On September 27, 2016, California Governor Jerry Brown signed A.B. 1843, which prohibits an employer from asking an applicant for employment to disclose information concerning a juvenile arrest or detention that did not result in specific court actions or that has been judicially dismissed or ordered sealed pursuant to law. This new law also prohibits an employer from seeking information from any source regarding a juvenile court’s adjudication, as well as considering an adjudication or court disposition by a juvenile court as a factor in determining any condition of employment including hiring, promotion or termination. This law pertains to public agencies, private individuals and corporations.
In essence, this bill ensures that juveniles are guaranteed the same protections against employer inquiries into criminal histories as adults.
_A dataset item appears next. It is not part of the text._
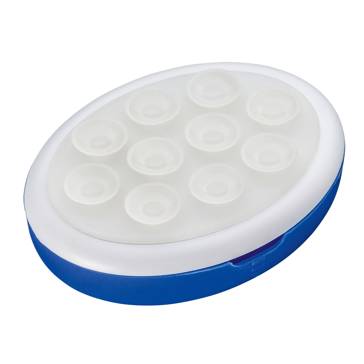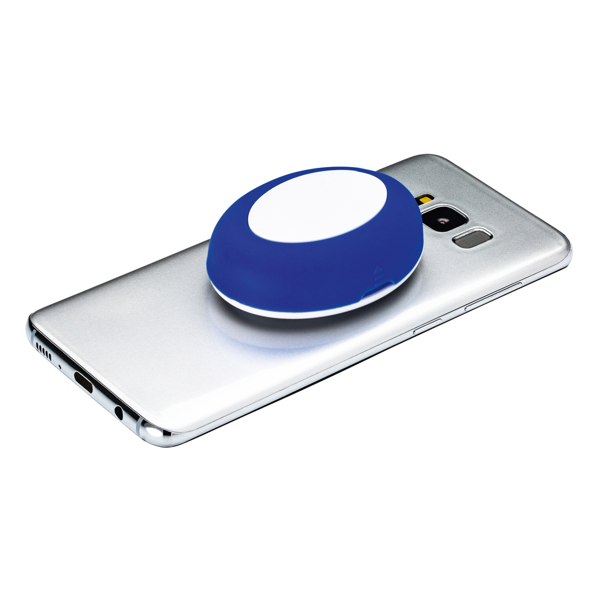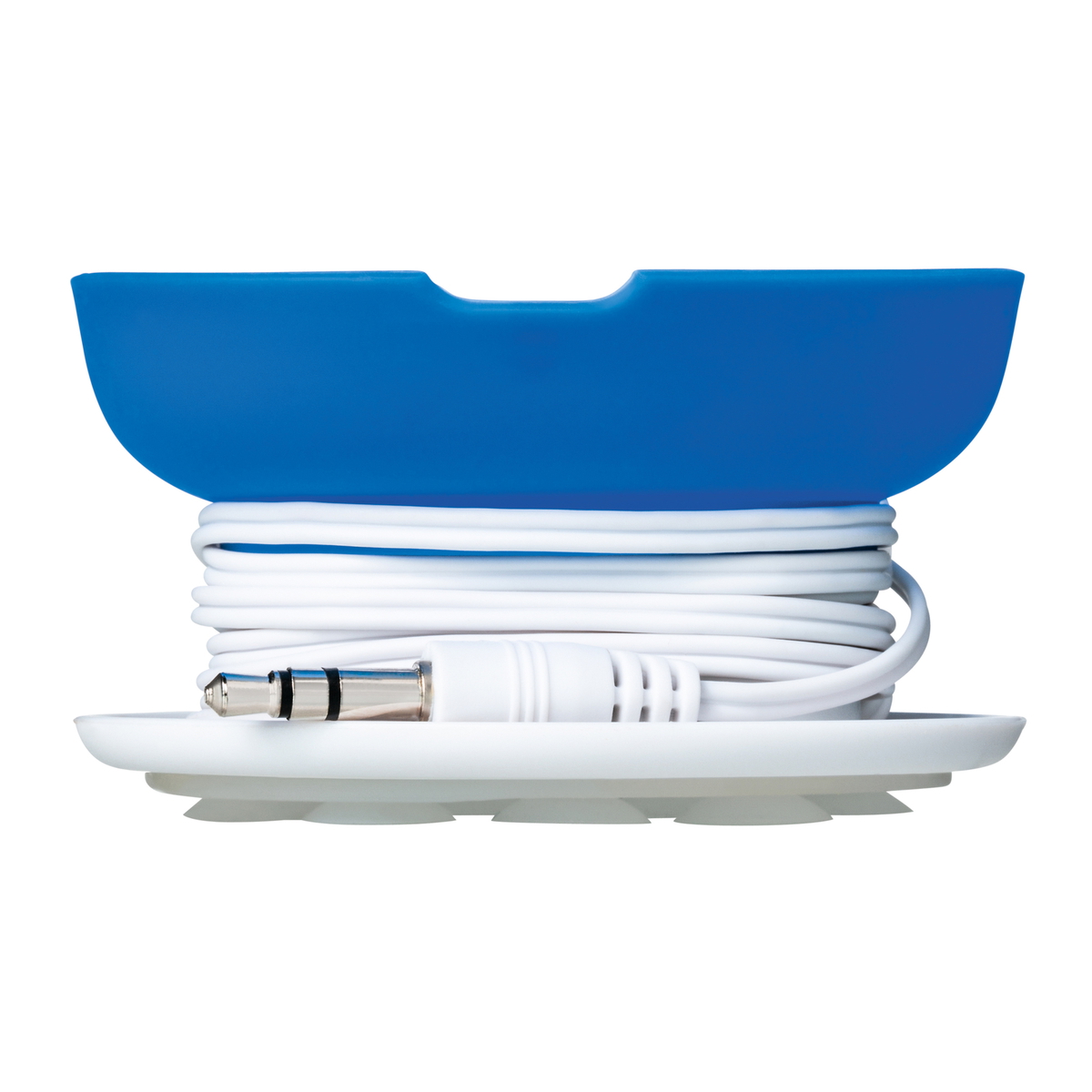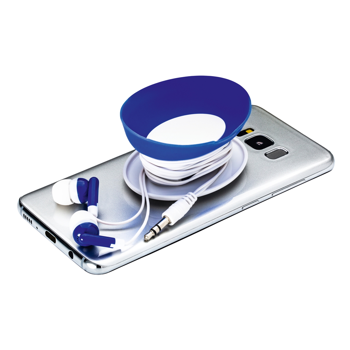 In dieser kleinen Box befindet sich ein Set Kopfhörer mit farblich passend abgesetzten Stöpseln. Die Box wird mit Saugnäpfen direkt am Smartphone befestigt und kann durch Ausklappen als Ständer fürs Gerät genutzt werden. Per UV-Druck veredelt, wirkt es besonders eindrucksvoll.

Considering the negative effect that criminal records may have on job seekers’ employment prospects, this bill provides much needed relief to youth and adults who have paid their debts to society and are seeking to improve their lives, the lives of their families, and their communities.
This bill is sponsored by the Juvenile Court Judges of California; they state that, “It has been a surprise for many to realize that under current law, people with sealed juvenile records do not have the same rights as those with sealed criminal records. …Not only is this treatment unequal and unfair, but California law attempts to give juveniles an opportunity to demonstrate they can be rehabilitated. Regrettably, existing law does not reflect state policy regarding rehabilitation. Juvenile records should be treated in the same way that adult criminal records are treated when an employer is questioning a job applicant.”
It is recommended that employers review their employment applications and processes to ensure they are in compliance with this new law.